Когда я думаю теперь о том, как подруга моя по нашем возвращении из Бальбека поселилась в Париже под одной кровлей со мной, как она отказалась от мысли совершить поездку по морю, как занимала комнату в двадцати шагах от моей, в конце коридора, в ковровом кабинете моего отца, и как каждый вечер, в поздний час, прощаясь со мной, вкладывала мне в рот язык, словно хлеб насущный, словно живительную пищу, обладающую почти священными качествами каждой плоти, которую страдания, перенесенные нами из-за нее, в заключение наделяют своего рода духовной сладостью, – то с этим прежде всего напрашивается на сравнение не та ночь, которую разрешил мне провести в казарме князь Бородинский в знак своей особенной милости, облегчившей в общем лишь весьма мимолетное мое недомогание, но та, когда мой отец велел маме лечь спать в кроватке рядом со мной. Так жизнь, если ей лишний раз суждено избавить нас от страдания, с виду неизбежного, совершает это избавление в различных условиях, иногда настолько противоположных, что кажется почти святотатством констатировать тожество дарованной благодати!
Когда Альбертина узнавала от Франсуазы, что в темноте моей комнаты со спущенными еще занавесками я не сплю, она без стеснения плескалась и возилась, умываясь в своей туалетной. В таких случаях я часто, не дожидаясь более позднего часа, шел в смежную с этой туалетной ванную, вид которой был так приятен. В прежние времена директора театров тратили сотни тысяч франков на украшение настоящими изумрудами трона в пьесе, где дива играла роль императрицы. Русские балеты открыли нам, что простая игра разноцветных лучей, направленных куда следует, расточает драгоценности столь же пышные и более разнообразные. Эти невещественные декорации не являются, однако, столь привлекательными, как декорация, которой солнце в восемь часов утра заменяет ту обстановку, что мы привыкли там видеть, вставая с постели только в полдень. Чтобы нельзя было заглядывать к нам со двора, окна обеих наших умывальных были не гладкие, но изборожденные искусственным старомодным инеем. Солнце вдруг желтило этот стеклянный муслин, золотило его и, тихонько пробуждая во мне прежнего юношу, давно уже усыпленного привычкой, пьянило меня воспоминаниями, создавая иллюзию, будто я нахожусь на лоне природы перед золотистой листвой, в которой распевает даже пташка. Ибо я слышал, как Альбертина без устали насвистывала:
Горести наши шалуньи,Глупец, кто послушает их.Я слишком любил Альбертину, чтобы весело не улыбнуться при этом проявлении ее дурного музыкального вкуса. Песенка эта прошлым летом приводила и восторг г-жу Бонтан; когда же она узнала вскоре, что попалась впросак, то стала просить Альбертину, если у нее собирались гости, спеть о том, как ручьи:
от горя помутились,Разлуки песнь журча;в свою очередь и эта ария обратилась в «затасканный мотив Массне, которым моя девочка прожужжала всем уши».

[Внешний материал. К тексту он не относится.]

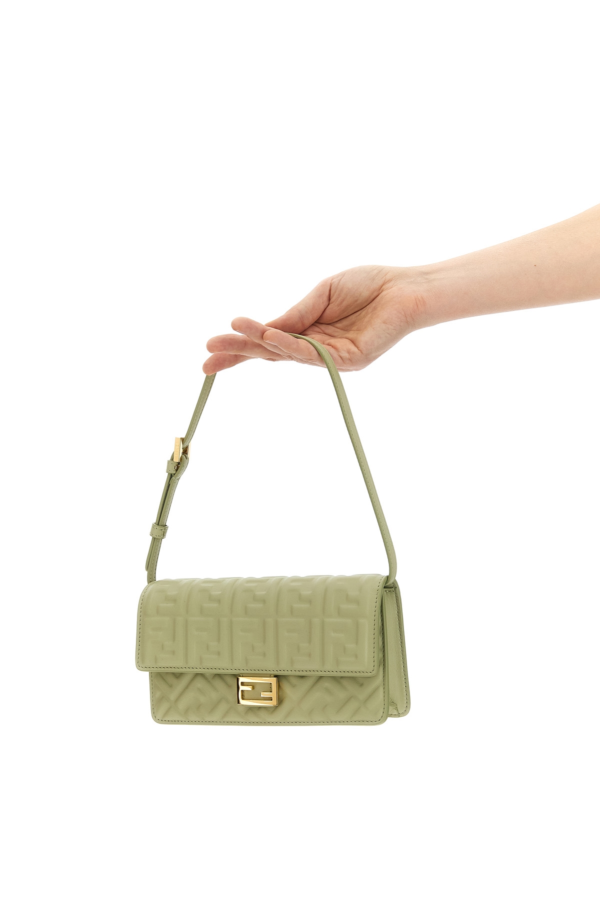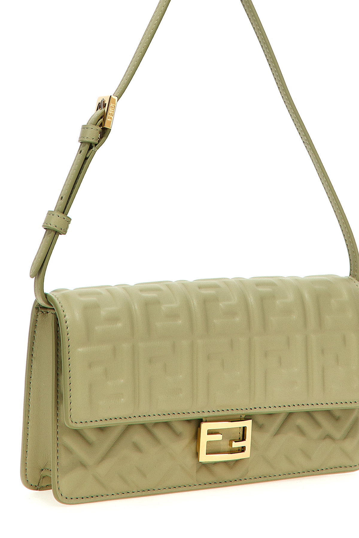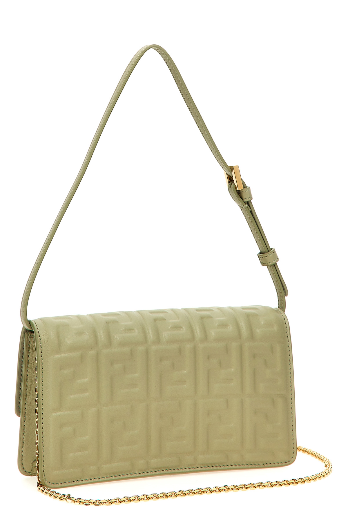'Baguette' nappa leather wallet on chain with iconic embossed FF pattern with a three-dimensional effect, flap closure with snap button and front metal logo, adjustable and removable handle, removable chain shoulder strap.

Проходило облако, солнце скрывалось, и я видел, как гаснет и снова делается серой целомудренная и густая стеклянная завеса.

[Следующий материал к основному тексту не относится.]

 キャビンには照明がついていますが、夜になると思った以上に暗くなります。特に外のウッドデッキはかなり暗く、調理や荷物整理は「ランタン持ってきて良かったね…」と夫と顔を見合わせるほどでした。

Перегородки, разделявшие две наших туалетных (туалетная Альбертины, совершенно одинаковая с моей, была ванной, которой мама, имевшая другую ванну с противоположной части квартиры, никогда не пользовалась, чтобы не беспокоить меня шумом), были такие тонкие, что мы могли переговариваться, умываясь каждый у себя, могли вести беседу, прерываемую только плеском воды, в той атмосфере интимности, которая так часто создается ограниченностью помещения и близостью комнат, но в Париже встречается очень редко.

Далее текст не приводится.